Ratcliffe-on-Soar Power Station is a coal-fired power station owned and operated by Uniper at Ratcliffe-on-Soar in Nottinghamshire, England. Commissioned in 1968 by the Central Electricity Generating Board, the station has a capacity of 2,000 MW. As of January 2023, it is one of only three coal-fired power stations left in the UK, and is scheduled to close in September 2024.

Description

The power station occupies a prominent position next to the A453, close to junction 24 of the M1, the River Trent and the Midland Main Line (adjacent to East Midlands Parkway station) and dominates the skyline for many miles around with its eight cooling towers and  tall chimney. It has four units, each consisting of a coal-fired boiler made by Babcock & Wilcox driving a 500 megawatt (MW) Parsons generator set. The four boilers are rated at 435 kg/s, steam conditions were 158.58 bar at 566 °C, with reheat to 566 °C. This gives the station a total generating capacity of 2.116 GW, which is enough electricity to meet the needs of approximately 2.02 million homes. There are 4 x 17.5 MW auxiliary gas turbines on the site; these were commissioned in December 1966.

Ratcliffe power station is supplied with coal and other bulk commodities by rail via a branch off the adjacent Midland Main Line (MML). Rail facilities include a north facing junction off the MML slow lines, two tracks of weighbridges, coal discharge hoppers, and a flue gas desulfurisation discharge and loading hopper. There was formerly a fly ash bunker and loading point with a south-facing connection to the MML, this was extant in 1990 but had been demolished and disconnected by 2005.
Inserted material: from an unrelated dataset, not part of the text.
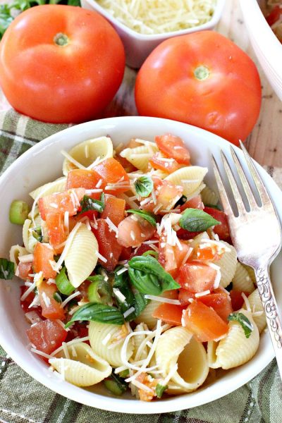 Bruschetta Pasta Salad is one of the most delicious pasta salad recipes I’ve eaten.I have to admit to loving pasta salads. Tomatoes, fresh basil from our garden, onions, garlic, olive oil, balsamic vinegar and sea shell pasta provide such a tasty combination of flavors. I’m sure you’ll enjoy this salad down to the last bite. šŸ™‚

Uniper has its Technology Centre at the site, where it carries out research and development on power generation.

Environmental performance
The plant emits 8–10 million tonnes of  annually making it the 18th highest -emitting power station in Europe as of 2009.

Ratcliffe power station is compliant with the Large Combustion Plant Directive (LCPD), an EU directive that aims to reduce acidification, ground level ozone and particulates by controlling the emissions of sulphur dioxide, oxides of nitrogen and dust from large combustion plants. To reduce emissions of sulphur the plant is fitted with Flue Gas Desulphurisation, and also with a Boosted Over Fire Air system to reduce the concentration of oxides of nitrogen in the flue gas.

Ratcliffe power station is the first in the United Kingdom to be fitted with Selective Catalytic Reduction (SCR) technology, which reduces the emissions of nitrogen oxides, through the injection of ammonia directly into the flue gas and passing it over a catalyst.

History
The construction of the power station began in 1963 and it opened in 1968.

The architects were Godfrey Rossant and J. W. Gebarowicz of Building Design Partnership. White cladding was used on the boiler and turbine houses and the end elevations had vertical bands of glazing to emphasise their verticality, the four concrete coal bunkers projected above the roof-line.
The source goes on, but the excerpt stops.